Talvez toda esta dificuldade, este desafio do último boss, tenha tornado a vitória mais saborosa. Até pode ter sido, mas ainda tinha o sabor a fel na boca, porque a frustração foi muito sentida – era escusado, foi anticlimático. Aquela frustração toda era melhor ser evitada porque cada vez que passava para a última fase do boss via uma cutscene muito comovente e cada vez que a via perdia o seu encanto, o seu efeito esmorecia cada vez que perdia. A minha convicção é que a dificuldade devia ter subido em crescendo e não ser uma linha horizontal o jogo todo e subir exponencialmente no último desafio do jogo. Nem sequer todo o Palace of Shadows me preparou para o confronto final, embora tenha ficado desconfiado quando enfrentei os três fantasmas que precedem a Shadow Queen. Perdi algumas vezes, mas não foram às dezenas como o último teste à minha capacidade de combater por turnos. Ainda por cima, as habilidades especiais consomem poder da estrelas, que tem de ser recarregado depois de ter sido esgotado. E não vale a pena utilizar os poderes ofensivos das habilidades especiais, são completamente inúteis perante a rainha maléfica.

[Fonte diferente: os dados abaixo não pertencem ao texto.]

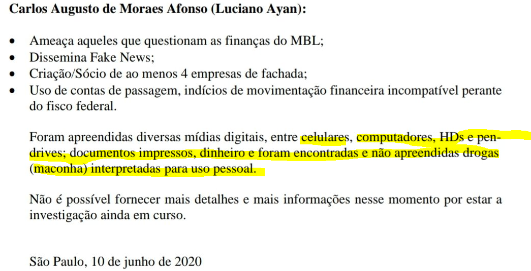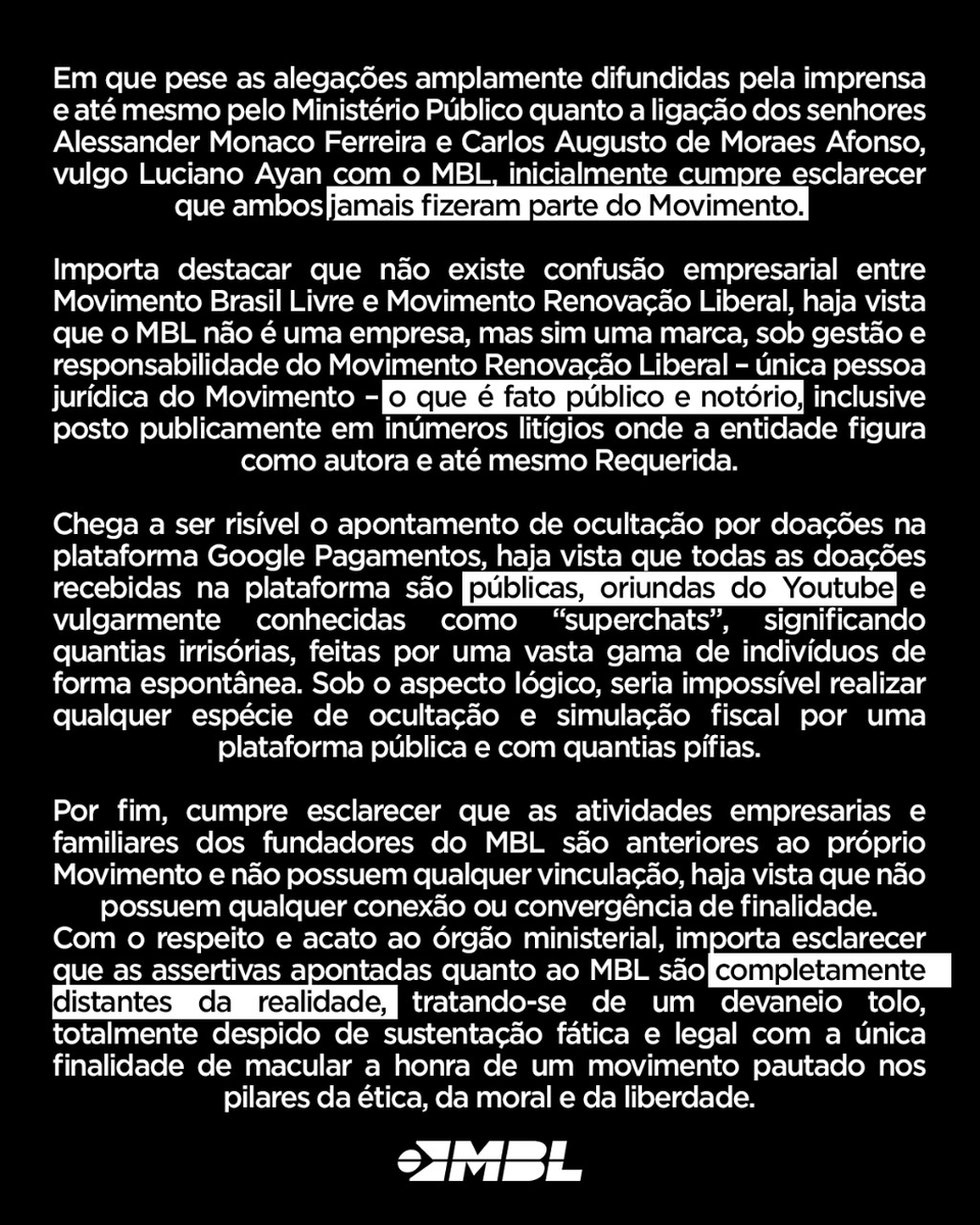 o MBL afirma que Ayan e Mônaco “jamais fizeram

Isto é como um passeio no parque e o último destino é subir a escadaria do Bom Jesus de Braga, cinquenta vezes e ao pé coxinho.

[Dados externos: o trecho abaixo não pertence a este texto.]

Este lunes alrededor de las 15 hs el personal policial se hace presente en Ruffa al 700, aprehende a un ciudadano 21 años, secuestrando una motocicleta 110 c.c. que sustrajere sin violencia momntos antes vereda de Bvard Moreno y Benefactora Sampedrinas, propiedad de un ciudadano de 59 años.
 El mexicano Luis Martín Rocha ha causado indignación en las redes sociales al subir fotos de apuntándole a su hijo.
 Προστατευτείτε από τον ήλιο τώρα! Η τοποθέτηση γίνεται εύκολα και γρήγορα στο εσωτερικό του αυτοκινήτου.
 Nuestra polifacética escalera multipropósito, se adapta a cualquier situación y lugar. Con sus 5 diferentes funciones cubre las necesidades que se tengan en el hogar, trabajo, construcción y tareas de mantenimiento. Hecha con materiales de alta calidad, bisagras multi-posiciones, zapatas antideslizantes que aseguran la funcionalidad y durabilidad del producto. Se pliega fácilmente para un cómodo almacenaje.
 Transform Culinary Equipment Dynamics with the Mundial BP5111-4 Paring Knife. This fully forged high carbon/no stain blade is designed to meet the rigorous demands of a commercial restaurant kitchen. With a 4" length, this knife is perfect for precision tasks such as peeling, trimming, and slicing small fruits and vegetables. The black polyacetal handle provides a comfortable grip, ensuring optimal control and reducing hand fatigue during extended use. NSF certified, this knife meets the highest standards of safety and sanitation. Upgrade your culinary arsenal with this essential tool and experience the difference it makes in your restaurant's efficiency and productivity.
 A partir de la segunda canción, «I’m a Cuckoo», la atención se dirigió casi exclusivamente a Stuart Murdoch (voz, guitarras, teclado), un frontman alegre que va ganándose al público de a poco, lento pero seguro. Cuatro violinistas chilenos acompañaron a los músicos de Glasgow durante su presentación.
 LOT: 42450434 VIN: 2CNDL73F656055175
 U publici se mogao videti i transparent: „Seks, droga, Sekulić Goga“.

Paper Mario: The Thousand-Year Door é muito bom, mas a dificuldade íngreme no último lance do jogo é uma pedra que fica no sapato depois de uma boa caminhada. É impossível ignorar este incómodo, pois já nos feriu o pé, como também não se pode desprezar tudo o que este jogo faz de bem, que é praticamente tudo. Felizmente, ficará connosco uma história para mais tarde recordar (deve ter sido este elemento que levou muitos jogadores a definir The Thousand-Year Door como o melhor da série Paper Mario). Se têm uma Switch e nunca tiveram uma GameCube, esta é uma excelente oportunidade para jogar uma história comovente, cómica e única. Só tenho pena que os visuais que simulam papel não sido utilizados de uma forma melhor. Para um jogo que saiu na GameCube este título é impressionante, assenta que nem uma luva no modo portátil da Switch, só tenho pena do último trecho o jogo, era algo evitável.